Background & Summary

Schizaphis graminum (Rondani), the greenbug, is a major pest of cereal crops such as wheat, barley, sorghum, and several wild grasses, causing severe direct damage by phloem feeding that leads to leaf chlorosis and plant stunting1. It exhibits a complex life history with cyclical parthenogenesis, typically reproducing viviparously for multiple generations during the crop-growing season and switching to sexual reproduction to produce overwintering eggs in winter. The insect pest causes substantial yield losses through direct feeding damage and, more notably, by serving as an efficient vector of barley yellow dwarf viruses (BYDV)2,3,4. The greenbug feeds on the phloem sap from hosts such as wheat and oats (Fig. 1). Infestations typically originate on the lower leaves and progressively advance upward to the younger foliage. Dense colonies on the abaxial leaf surface, accompanied by extensive honeydew secretion, inhibit photosynthesis and disrupt normal plant growth. Symptoms include leaf reddening, reduced spike size, impaired grain filling, and in severe cases, complete sterility, resulting in shriveled kernels. Such damage substantially compromises both the yield and quality of affected crops5,6.

Fig. 1
figure 1

Adults of Schizaphis graminum and associated infestation symptoms. (A) Adult of S. graminum. (B) Infestation symptoms on wheat after seven days of feeding. (C) Infestation symptoms on wheat after fourteen days of feeding.

Recent advances in high-quality genome assemblies of aphids, such as Aphis glycines7, Brevicoryne brassicae8 and Therioaphis trifolii9, have greatly enhanced our understanding of aphid biology, particularly in areas such as polyphenism, host adaptation, and insecticide resistance. However, genomic resources for S. graminum have remained limited, hindering the elucidation of the genetic mechanisms governing its rapid adaptation to agricultural environments, the development of insecticide resistance, and its highly efficient vectoring capacity10. The population dynamics and pest severity of S. graminum are strongly shaped by abiotic stresses, such as drought, temperature extremes, and chemical control practices11. Transcriptomic studies have implicated key gene families involved in stress responses, such as cytochrome P450s and cuticular proteins5,12. However, the lack of a chromosome-level reference genome has impeded comprehensive genome-wide analyses of these gene families, their evolutionary trajectories, and their regulatory mechanisms controlling their expressions.
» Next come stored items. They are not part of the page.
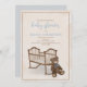 This design features a baby blue boy cute vintage classic invitation, with a rustic classic teddy bear blue, a trendy bear stuffed animal teddy, an elegant calligraphy script typography, QR code for Facebook or social media website and online part event page a trendy classic traditional invitation, a vintage cradle bassinet crib bunting, a brown tan sage blue beige, an old fashioned simple minimalist style, for a baby boy shower invitation, for a boy or girl baby shower hand-drawn artwork by Laura Lacina.
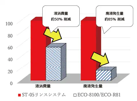 ECO-8100/ECO-R81は何れも成分の約7割が水であり、従来ST-05リンスシステムと同程度の洗浄品質を維持しながら、揮発や乾燥によるVOC総排出量を約半分にまで低減可能である。
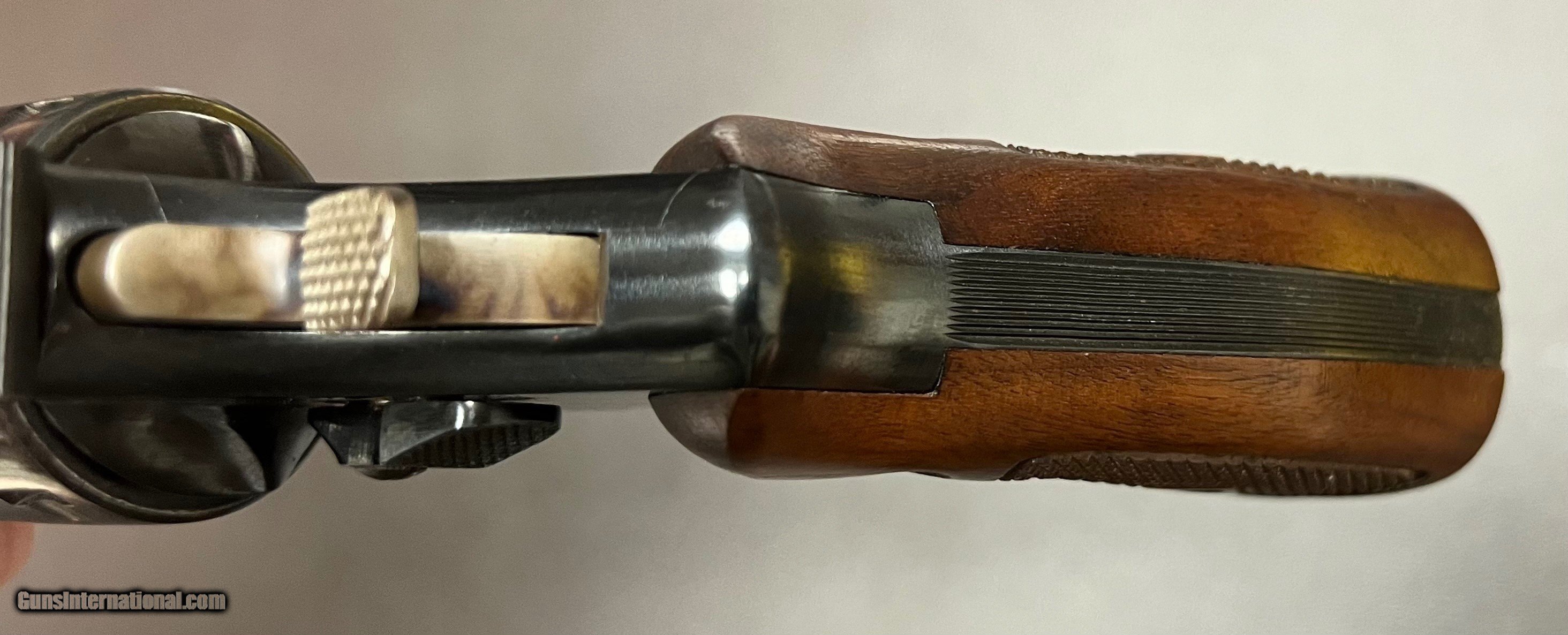Description: Smith & Wesson pre model 18 K-22 combat masterpiece .22LR 4" pinned barrel with excellent bore Adjustable rear sight with fixed ramp front sight Crisp double & single action trigger pull Six round cylinder Bluing is excellent with few light wear spots Case color on hammer & trigger are 100% Grips are excellent SN: K 294616 Built in 1956 No box or paperwork Excellent original condition pre model 18 K-22 combat masterpiece, they don't build them like this anymore. Curio/Relic: Yes Handgun Caliber: .22 Long Rifle Price: $1,350.00 Buy Now Contact Seller |
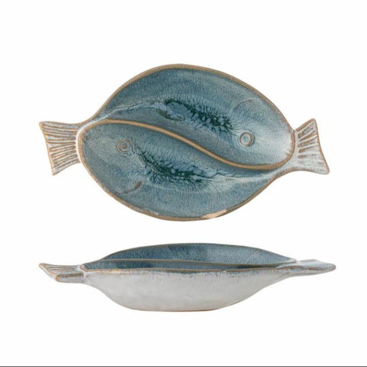 The Mei Serving Plate by Creative Collection is a charming stoneware platter designed with two fish in a beautiful bluish pattern. The platter’s unique shape and glaze bring a touch of maritime atmosphere to the table. Use the platter for serving light dishes or dips, or for storing jewelry and other small items.
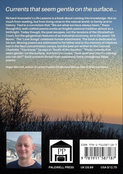 Richard Aronowitz’s Life Lessons is a book about coming into knowledge. Not so much from reading, but from living close to the natural world, to family and to history. Tied to a conviction that "We are what we have always been", these thoughtful, well-crafted poems evoke an English pastoral tradition almost as a birthright, except that today the poet escapes, not the tensions of the Elizabethan Court, but the gargantuan features of an industrial economy.
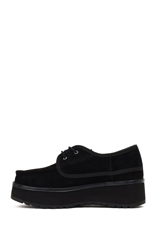 Kadın Siyah Kalın Tabanlı Bağcıklı Süet Deri Teddy Casual Ayakkabı

Here, we present the first high-quality, chromosome-level genome assembly of S. graminum, which offers a robust platform for comparative genomic and functional analyses. Based on this assembly, we systematically identified and characterized expanded gene families implicated in insecticide metabolism and environmental adaptation. The final assembled genome spans 380.30 Mb, with 379.43 Mb (99.77%) anchored to four pseudochromosomes. The assembly exhibits high continuity, as reflected in scaffold and contig N50 values of 105.17 Mb and 48.79 Mb, respectively, and a BUSCO completeness score of 97.10%.

This chromosome-scale genome assembly provides critical insights into the genomic architecture underlying the pest status of S. graminum in cereal crops. It establishes a valuable resource for elucidating the molecular mechanisms of host specialization, particularly on wheat, oat, and barley, and facilitates the development of RNA interference-based management strategies. Collectively, this genomic dataset offers a foundational platform for investigating the molecular basis of aphid virulence, insecticide resistance, and virus transmission, thereby supporting the design of sustainable pest management strategies.

Methods

Sample collection and rearing

The lab-reared colonies of S. graminum used in this study were originally collected from Yangling City, Shanxi Province, China (34°27′27″N, 108°08′11″E) in 2016. Subsequently, these aphids were maintained on common oats (Avena sativa) under controlled conditions of 26 ± 1 °C, a photoperiod of 16 h light and 8 h darkness, and a relative humidity of 65 ± 5%.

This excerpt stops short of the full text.